Inzwischen nehmen diverse Design-Unis teil, die Wettkämpfe werden größer, die Gefährte origineller. Am 28. Mai 2011 steigt das nächste große Rennen auf einem alten Flugplatz in Hildesheim.

Nur: Die Wettkämpfe werden nicht mehr rein sportlich ausgetragen. In der Wikipedia streiten sich wenige Zankhälse um den Eintrag. Schon am 1. März 2011 gab es eine kontroverse Diskussion um seine Löschung. Die Entscheidung kam schließlich am 15. März nach einigem Hin und Her: das Akkuschrauberrennen bleibt „als interessante Kuriosität (analog Robocup)“, so die Admin-Begründung. Der Robocup ist die jährliche Weltmeisterschaft des Roboter-Fußballs. Gern verglichen werden die rasenden Akkuschrauber auch mit der Wok-WM, bei der lauter Promis in einem Asia-Wok eine Bobbahn hinunter rasen. Robocup und Wok-WM werden in sehr ausführlichen Wikipedia-Einträgen beschrieben, einschließlich der Siegerlisten der vergangenen Jahre.

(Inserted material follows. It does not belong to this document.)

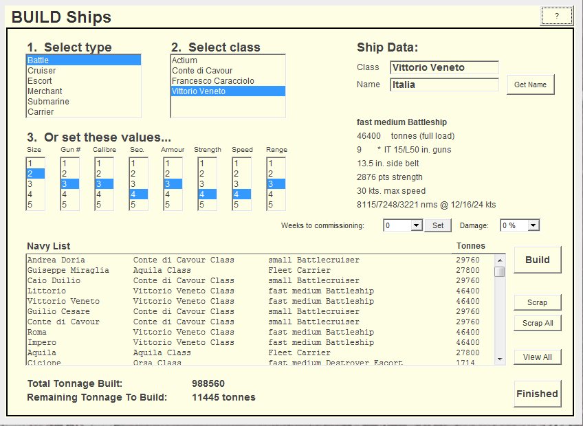 You use this screen whenever you want to edit your 2IC's plan, or first build the key ships before using the 2IC, or when you are not using your 2IC at all and intend to manually give ship building orders for all of your navy. The process is the same in each case.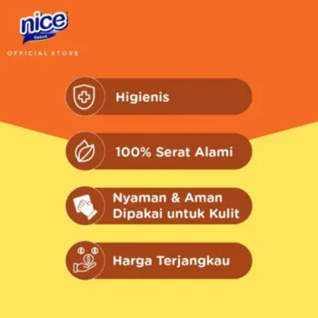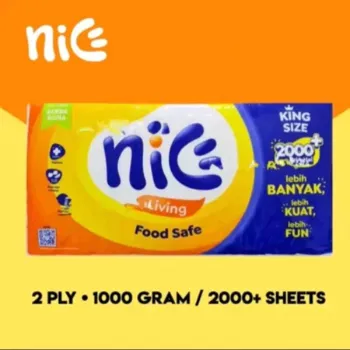 - Nice tisu Kiloan “One for all cleaning purpose Tisu”, mampu membersihkan semua dalam satu tisu, berfungsi membersihkan area wajah, mulut dan kulit tubuh dari keringat, kotoran yang menempel di peralatan dapur serta membasuh dan mengeringkan bagian area intim.

Das Akkuschrauberrennen bleibt also, und mit ihm der Streit. Nach drei Reverts ist der Wikipedia-Artikel seit gestern Abend, 20.53 Uhr, für zwei Wochen gesperrt. Der Grund: Am 5. April um 3.59 Uhr in der Früh hat der Autor „Roterraecher“ die Siegerliste der vergangenen Jahre gelöscht. Seine Begründung: „Name-Dropping.“ Das habe mit einer Enzyklopädie nichts mehr zu tun, die Namen der Studenten seien „völlig irrelevant“. 19 Stunden später, um 23.03 Uhr am Abend des 5. April, fügt „Ausgangskontrolle“ die Bestenliste wieder ein. Wenn ein Wettkampf relevant sei, dann auch die Erwähnung der Gewinner.

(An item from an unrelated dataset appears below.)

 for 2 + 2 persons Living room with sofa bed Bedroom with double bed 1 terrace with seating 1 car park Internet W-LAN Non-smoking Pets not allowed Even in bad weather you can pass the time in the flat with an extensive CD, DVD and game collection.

So weit, so schlüssig. Doch in seiner nächsten Nachtschicht schlägt „Roterraecher“ wieder zu. Revert am 7. April, 3.24 Uhr: „Herrje nicht schon wieder“, schreibt er. Die Namensliste sei „unerwünscht“. „Ausgangskontrolle“ reagiert um 7.49 Uhr am gleichen Morgen. Nächster Revert, die Namen sind wieder drin. Dann, immer noch 7. April, 20.39 Uhr, wieder Revert von „Roterraecher“ – die Namen sind wieder draußen. Das ist ein Edit War. 14 Minuten später folgt deshalb die Sperrung des Artikels.

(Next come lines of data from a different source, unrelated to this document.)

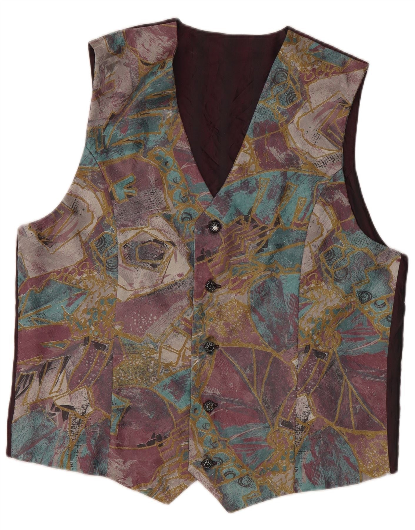 - Descrizione dell'IA: Questo gilet da uomo vintage presenta un tessuto intrecciato con una delicata lucentezza. Presenta un sorprendente motivo geometrico multicolore, che fonde toni bordeaux, turchesi e viola. Il design senza maniche e lo scollo a V offrono una silhouette classica. Una chiusura frontale a cinque bottoni garantisce una vestibilità ordinata. Questo gilet dalla vestibilità regolare è completamente foderato per comfort e struttura. Il suo stile retrò aggiunge un tocco distintivo.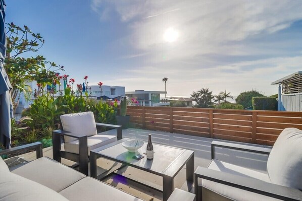 With a large open living, dining, kitchen area you can relax after a day at the beach or exploring La Jolla. The chef's kitchen is equipped with everything you need for a gourmet dinner or a simple bar-b-que on the patio. The home features both a dining table and counter seating. The living room features an oversized couch and chairs for simple relaxing or enjoying a movie.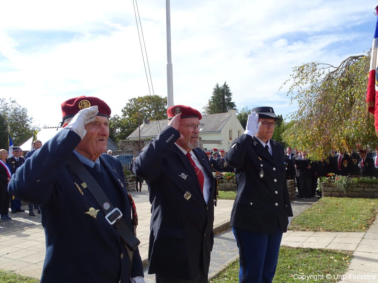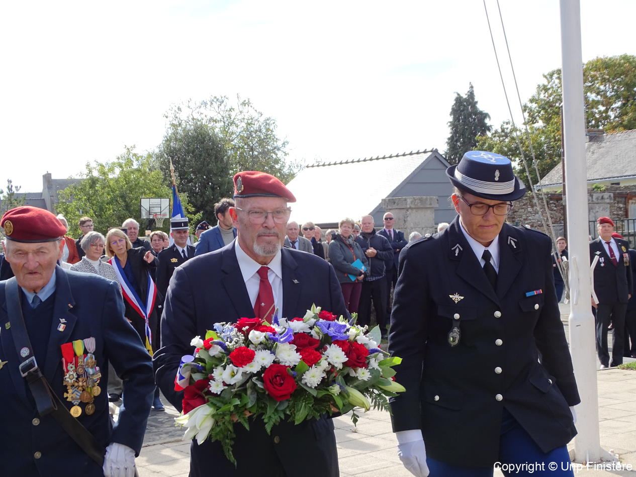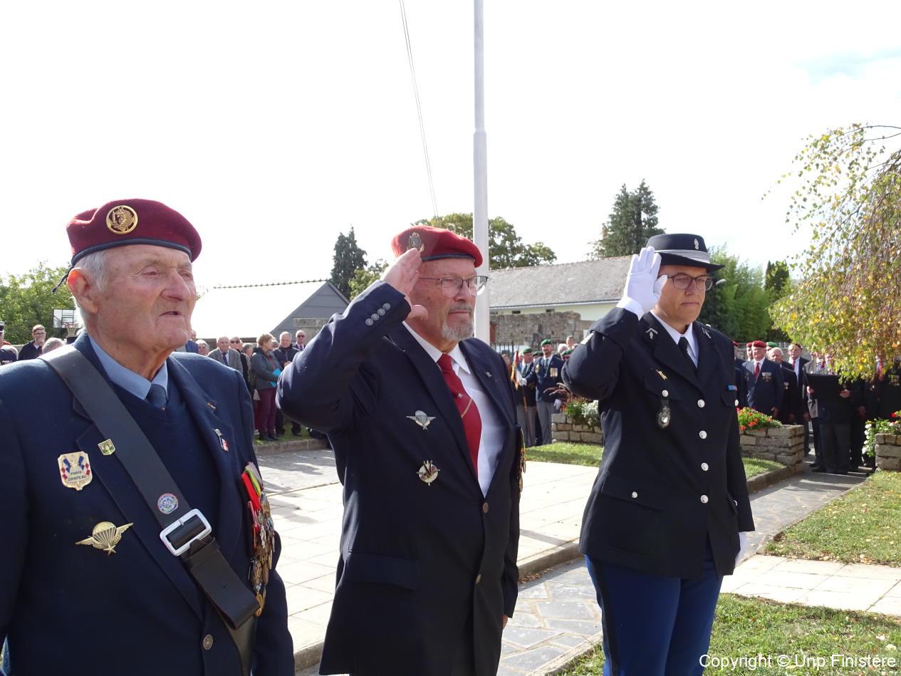 Une première gerbe est déposée par la Maire de la commune accompagné de deux jeunes filles, membres du conseil municipal des jeunes » une deuxième gerbe avec inscription » Union Nationale des Parachutistes » est déposée par le président de l’UNP29, accompagné par la colonelle TOURNANT et du parachutiste Roger OUADEC, dernier adhérent de la section ayant sauté à Dien Bien Phu avec le 1er RCP lors de l’opération » Castor »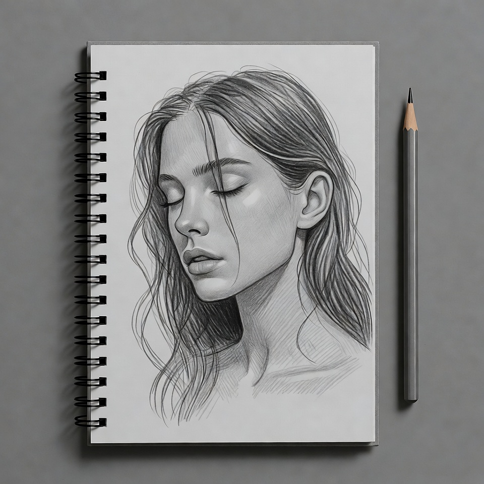 A detailed pencil drawing of a young woman with long wavy hair fills the page of an open spiral-bound sketchbook. She has her eyes closed and lips slightly parted, rendered in realistic shading with soft highlights. A pencil lies beside the sketchbook on a gray surface.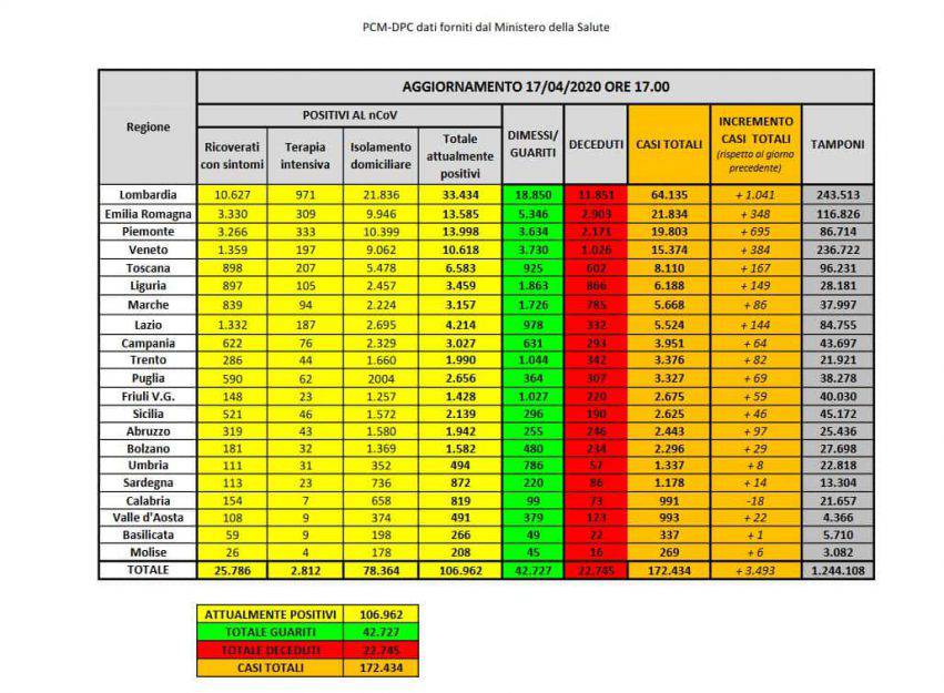 Casi di Covid-19 in Italia aggiornati a venerdì 17 aprile 2020

Der Streit lässt sich nicht nur über die „Versionsgeschichte“ des Artikels nachvollziehen. Auch die Diskussionsseite wird eifrig genutzt. Der Thread ist passend überschrieben mit „Edit War um Siegerliste“. Besonders ärgert dort den Wikipedianer „Ausgangskontrolle“, dass der Artikel nunmehr in der Fassung ohne die Siegerliste (siehe: Die Falsche Version) gesperrt wurde – ganz so, wie es „Roterraecher“ will. „Roterraecher“ ist, vorsichtig ausgedrückt, ein besonders eifriger und streitlustiger Wikipedianer. Gleich zwei Mal wird ihm nun Vandalismus vorgeworfen. Und er hält dagegen, wirft „Ausgangskontrolle“ wiederum persönliche Angriffe vor, sieht sich an den Pranger gestellt. Schon lange geht es nur noch um den virtuellen Akkuschrauber, angesetzt in übellauniger Diskussion, hochtourig und laut.

Was hilft das den Piloten der kuriosen Gefährte, jenen, die aus den echten Schraubern das letzte Watt herausholen und auf die Straße bringen? All jenen, die gerade schrauben an den Boliden für das nächste Rennen am 28. Mai? Und jenen, die diesen kuriosen Sport verfolgen wollen, mehr wissen wollen in der Wikipedia? Nichts. Erstmal ist Sendepause.